- [Material provided]
Start of Block

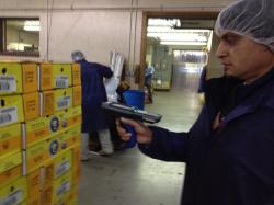 Receiving – Mushrooms are weighed using a connected floor scale and information about the delivery is logged using a Vantage Touch screen. Information about the supplier, mushroom type, expiration date, weight and storage location is captured electronically. The data is stored on the server and a pallet label is generated to uniquely identify the pallet. Inventory is updated.
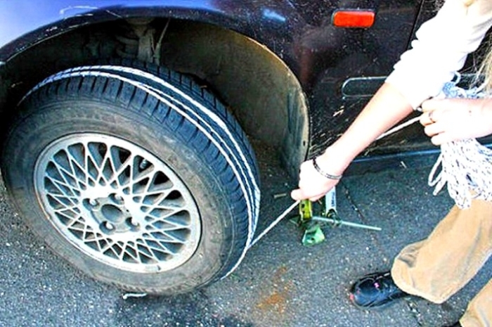 Теперь, включаем передачу (лучше всего третью) и зажигание. Свободное колесо разворачиваем так, как удобно. Затем, наматываем на него трос в 3-5 оборотов. Использовать можно как непосредственно буксирный трос, так и любую другую более-менее прочную и надежную веревку. Намотку выполняем как можно более туго.
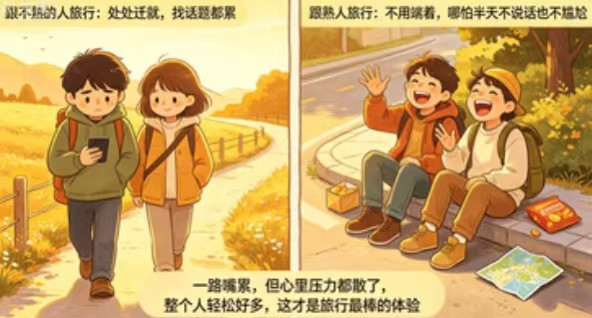 很多人说跟不熟的人旅行要处处迁就,找话题都累,跟熟人旅行就完全不一样,不用端着不用假装,想到什么就说什么,哪怕半天不说话也不会觉得尴尬,这种松弛感真的太舒服了。一路下来嘴确实是累了,但是心里的压力都跟着说出来的话散掉了,整个人都轻松了好多,这才是旅行最棒的体验。
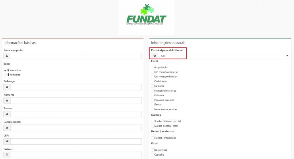 A partir da próxima segunda-feira, 26, a Fundação Municipal de Formação para o Trabalho (Fundat) intensificará o cadastramento de Pessoas com Deficiência (PCD), por meio da Agência do Trabalhador. O recrutamento visa ao preenchimento de quadro funcional no setor da Construção Civil, no entanto, há também vagas em cadastro de reserva para as áreas de Auxiliar Administrativo, Informática, Agente de Limpeza e Atendimento.

End of Block

- [What the task asks] Find the line containing "Теперь, включаем передачу" in the listing above. Please restate word for word that line through the last one, leaving out the pictures.

- [Response to the exercise]
 Теперь, включаем передачу (лучше всего третью) и зажигание. Свободное колесо разворачиваем так, как удобно. Затем, наматываем на него трос в 3-5 оборотов. Использовать можно как непосредственно буксирный трос, так и любую другую более-менее прочную и надежную веревку. Намотку выполняем как можно более туго.
 很多人说跟不熟的人旅行要处处迁就,找话题都累,跟熟人旅行就完全不一样,不用端着不用假装,想到什么就说什么,哪怕半天不说话也不会觉得尴尬,这种松弛感真的太舒服了。一路下来嘴确实是累了,但是心里的压力都跟着说出来的话散掉了,整个人都轻松了好多,这才是旅行最棒的体验。
 A partir da próxima segunda-feira, 26, a Fundação Municipal de Formação para o Trabalho (Fundat) intensificará o cadastramento de Pessoas com Deficiência (PCD), por meio da Agência do Trabalhador. O recrutamento visa ao preenchimento de quadro funcional no setor da Construção Civil, no entanto, há também vagas em cadastro de reserva para as áreas de Auxiliar Administrativo, Informática, Agente de Limpeza e Atendimento.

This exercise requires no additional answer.